→ **What you need to do**
In the entries that follow, repeat exactly the lines from the one that has "Нежно-розовый изогнутый вибратор" through the one that has "Efes Selçuk Belediyesi’nin", but omit pictures.

→ **Data supplied**
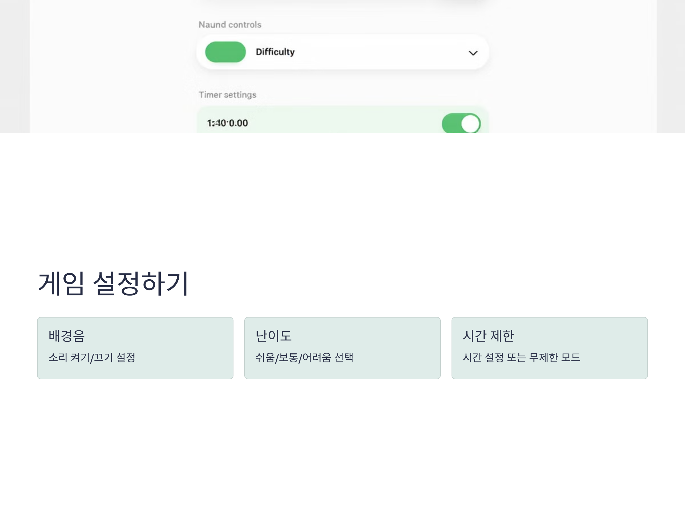 게임에 따라 난이도 설정, 게임 시간 제한, 추가 미션 등 다양한 설정을 할 수 있습니다. 이러한 설정을 통해 더욱 도전적인 플레이가 가능하며, 점수를 올리거나 다른 유저들과 경쟁할 수 있습니다.
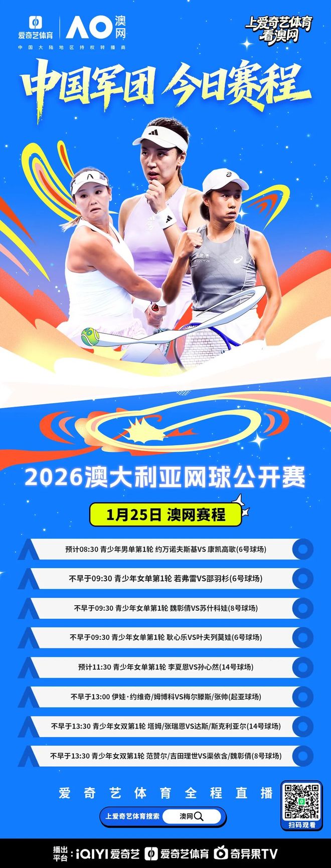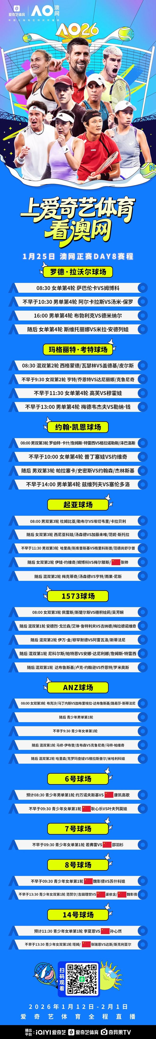 北京时间1月25日,2026澳大利亚网球公开赛第8比赛日将如期进行,爱奇艺体育将继续为您全程直播所有精彩对决。 男女单第4轮开战争8强!世界第一萨巴伦卡&阿尔卡拉斯在罗德拉沃尔球场早场先后登场,本土球星德米纳尔和“小米辣”安德列娃坐镇晚场。高芙迎战强敌穆霍娃,梅德韦杰夫遭遇老对手勒纳·钱,兹维列夫与F.塞伦多洛也将上演强强对决!中国金花张帅女双次轮的比赛将在起亚球场登场,请您不要错过。
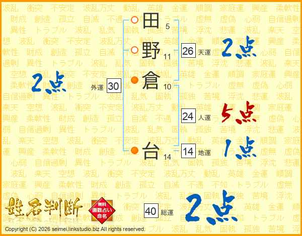 生活面を象徴する運勢です。外部から受ける影響力を表し、結婚運、家庭運や職場、環境への順応性を表します。総運から人運を引いた画数。姓や名が1文字の場合を除く。
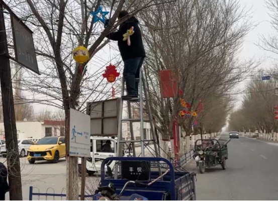 近日,和硕县塔哈其镇各村、社区两委干部与群众齐上阵,共同悬挂灯笼、装点灯饰。一场火热的新春亮化工程在全镇各村社区展开,千余盏崭新夜灯如点点繁星,点亮了乡村的夜晚,街头巷尾悄然焕新颜,拉满春节“氛围感”,更温暖了各族群众的心田。
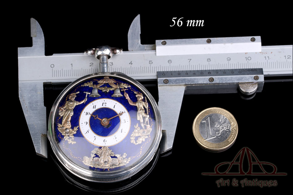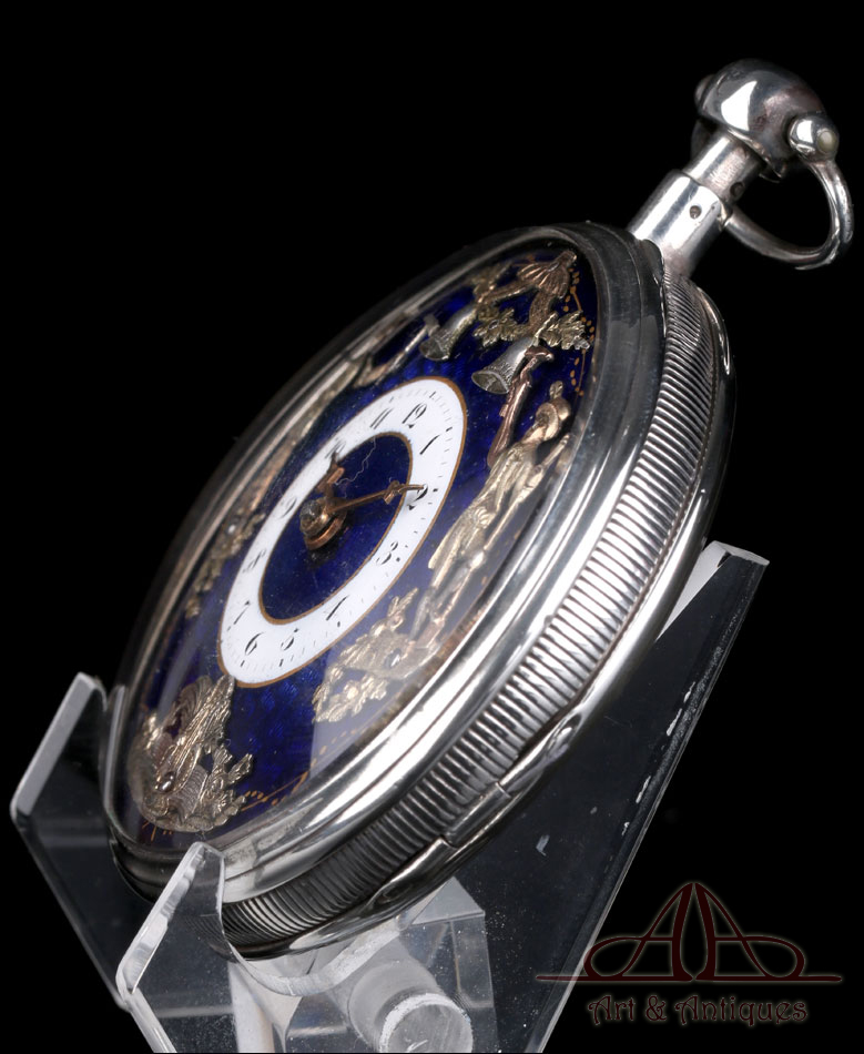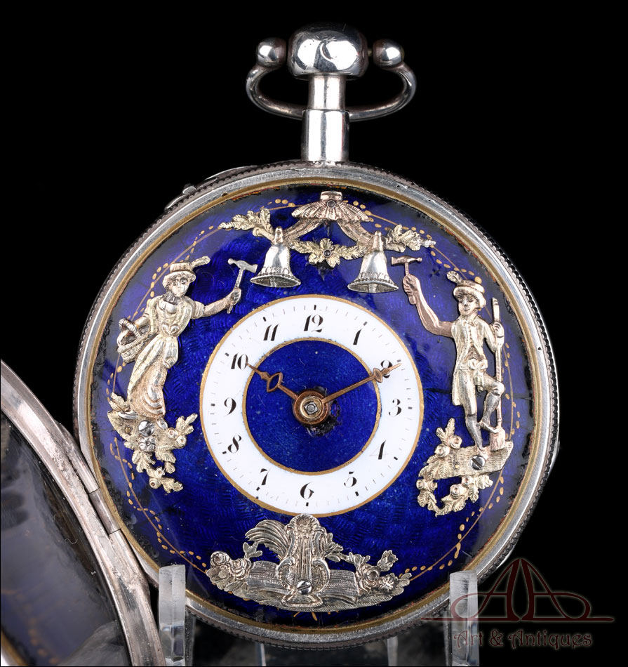 Este precioso y antiguo reloj de bolsillo de repetición de cuartos autómata es una auténtica joya, con cerca de 200 años de historia y un diseño lleno de encanto y originalidad.
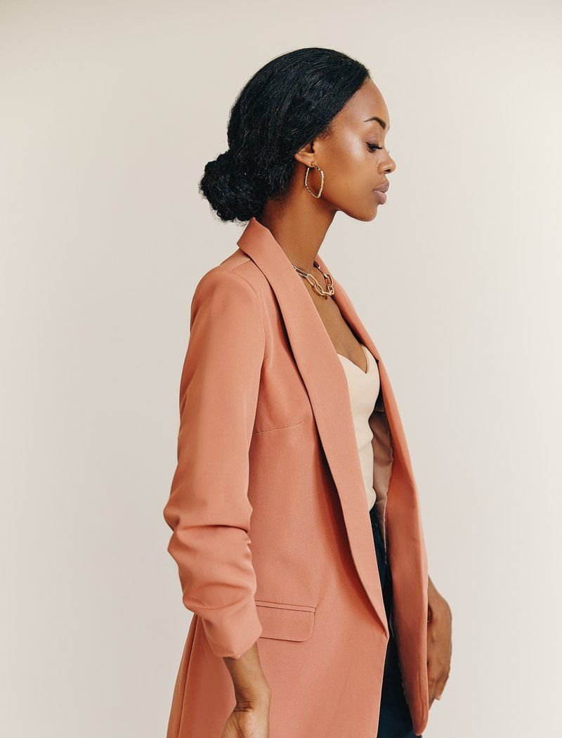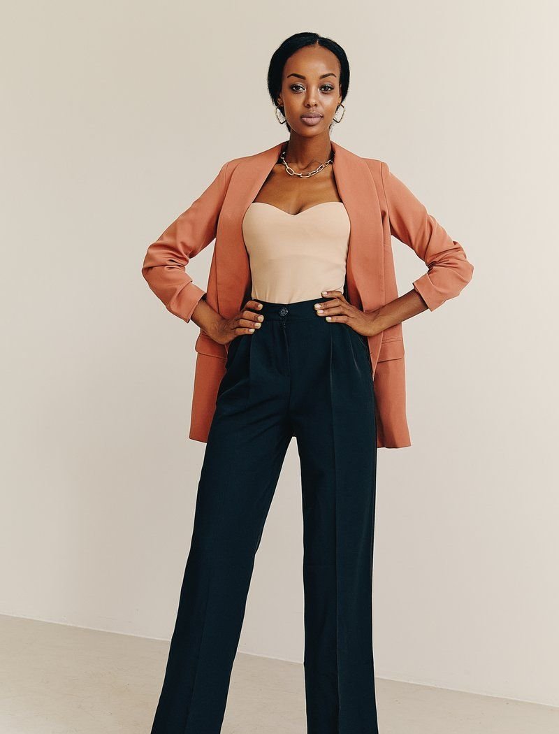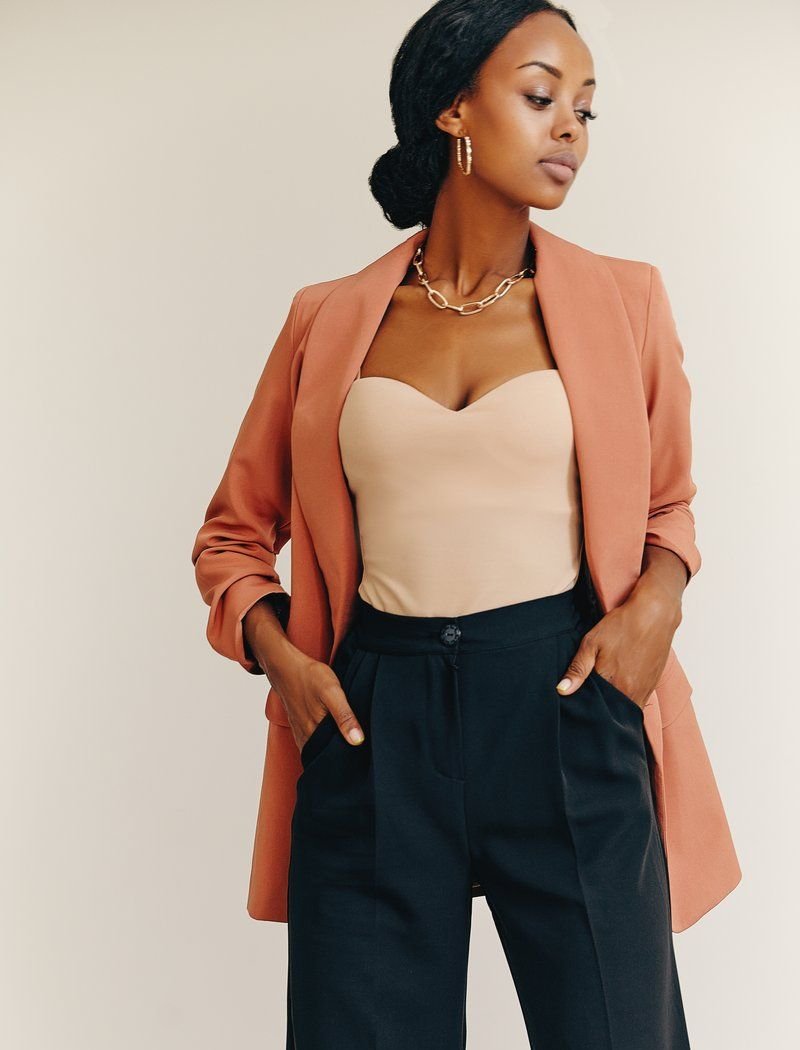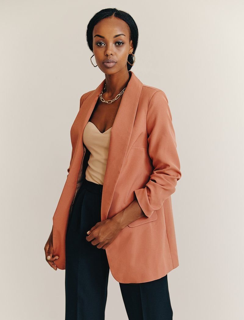 Powdery jacket with a turn-down collar|does not fasten. Inserts are provided in the shoulders|which helps to keep the shape|a shortened sleeve with an assembly|with pockets. It can be combined with both trousers and jeans.
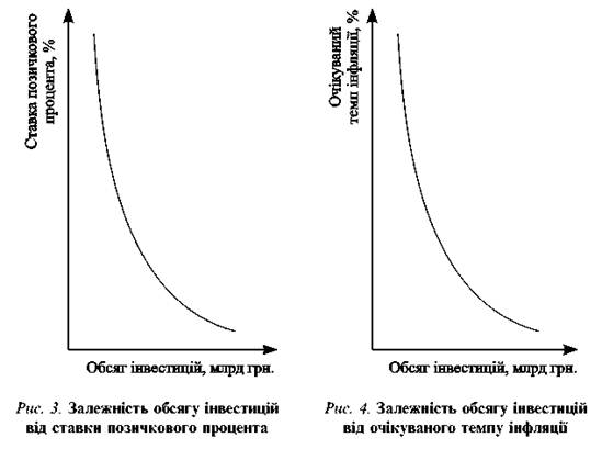 На обсяг інвестицій істотно впливає й ставка позичкового процента, оскільки у процесі інвестування використовується як власний, так і позичковий капітал. Якщо очікувана норма чистого прибутку перевищує ставку позичкового процента, то за інших рівних умов інвестування буде ефективним. Зі збільшенням ставки позичкового процента обсяг інвестицій зменшується, і навпаки (рис. 3).
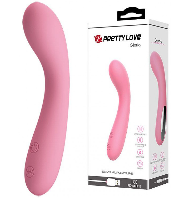 Нежно-розовый изогнутый вибратор Gloria - 16 см.
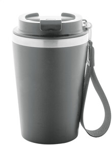 Dvoustěnný termo hrnek z recyklované nerezové oceli s vnějším PP plastem a víčkem na pití. S popruhem na přenášení RPET. 350 ml.
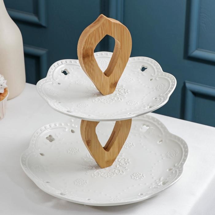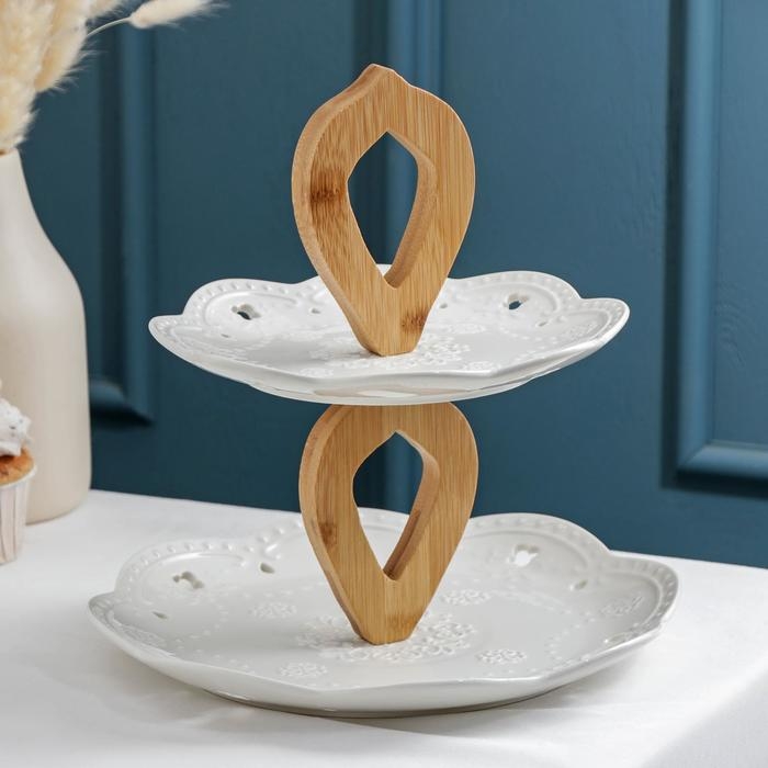 Блюдо керамическое 2-х ярусное Доляна «Сьюзен», 25×20×27 см, цвет белый
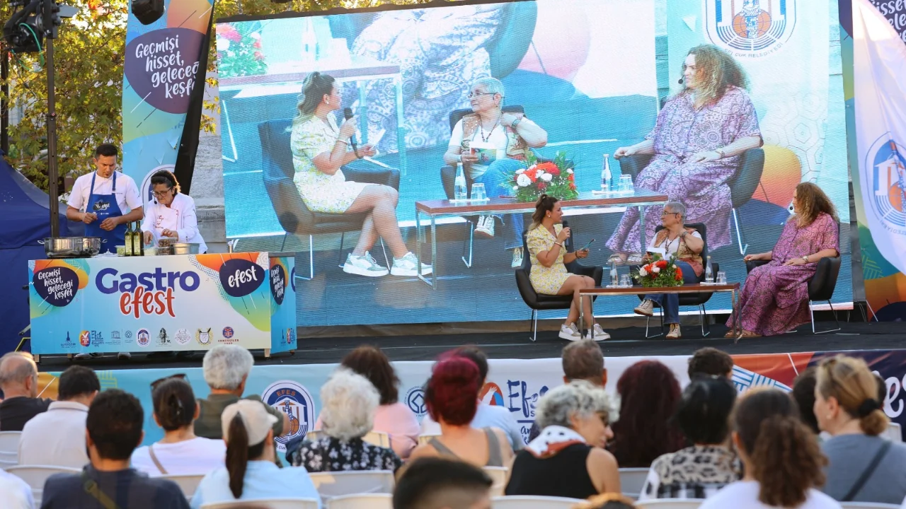 Efes Selçuk Belediyesi’nin “Geçmişi Hisset, Geleceği Keşfet” sloganıyla, bu yıl 55.’sini düzenlediği EFEST 2025’te Efes Selçuk tarımsal zenginliğine ve mutfak kültürüne geniş yer verildi. Efes Selçuk’un yerel tohumlarından elde edilen ürünler ve kooperatif ürünleri ile “Gastro EFEST” başlığıyla mutfak dünyasının ünlü şefleri birbirinden lezzetli yemekler yaparken, söyleşilerle gastronomi ve yemek kültürü konuşuldu.
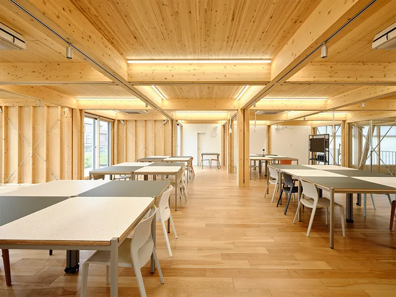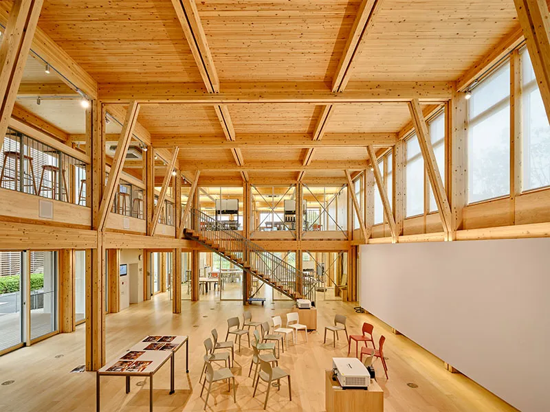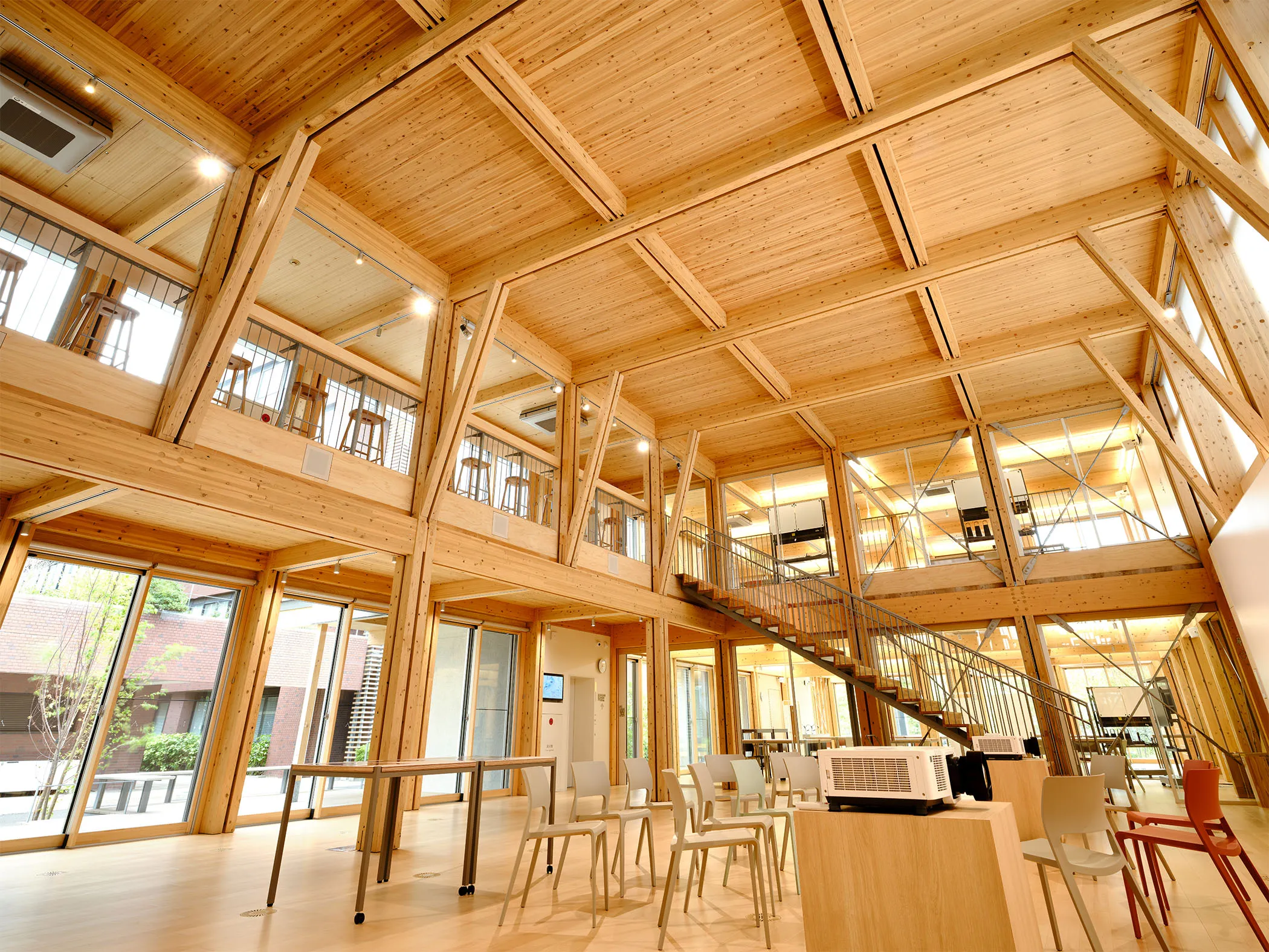 2025年9月に竣工。天然木の美しさを最大限生かした建築と、各教室がシームレスにつながる開放的な空間設計で、多様な分野の学生が集う「環境共生学部」の特性を体現している。

→ **Answer**
 Нежно-розовый изогнутый вибратор Gloria - 16 см.
 Dvoustěnný termo hrnek z recyklované nerezové oceli s vnějším PP plastem a víčkem na pití. S popruhem na přenášení RPET. 350 ml.
 Блюдо керамическое 2-х ярусное Доляна «Сьюзен», 25×20×27 см, цвет белый
 Efes Selçuk Belediyesi’nin “Geçmişi Hisset, Geleceği Keşfet” sloganıyla, bu yıl 55.’sini düzenlediği EFEST 2025’te Efes Selçuk tarımsal zenginliğine ve mutfak kültürüne geniş yer verildi. Efes Selçuk’un yerel tohumlarından elde edilen ürünler ve kooperatif ürünleri ile “Gastro EFEST” başlığıyla mutfak dünyasının ünlü şefleri birbirinden lezzetli yemekler yaparken, söyleşilerle gastronomi ve yemek kültürü konuşuldu.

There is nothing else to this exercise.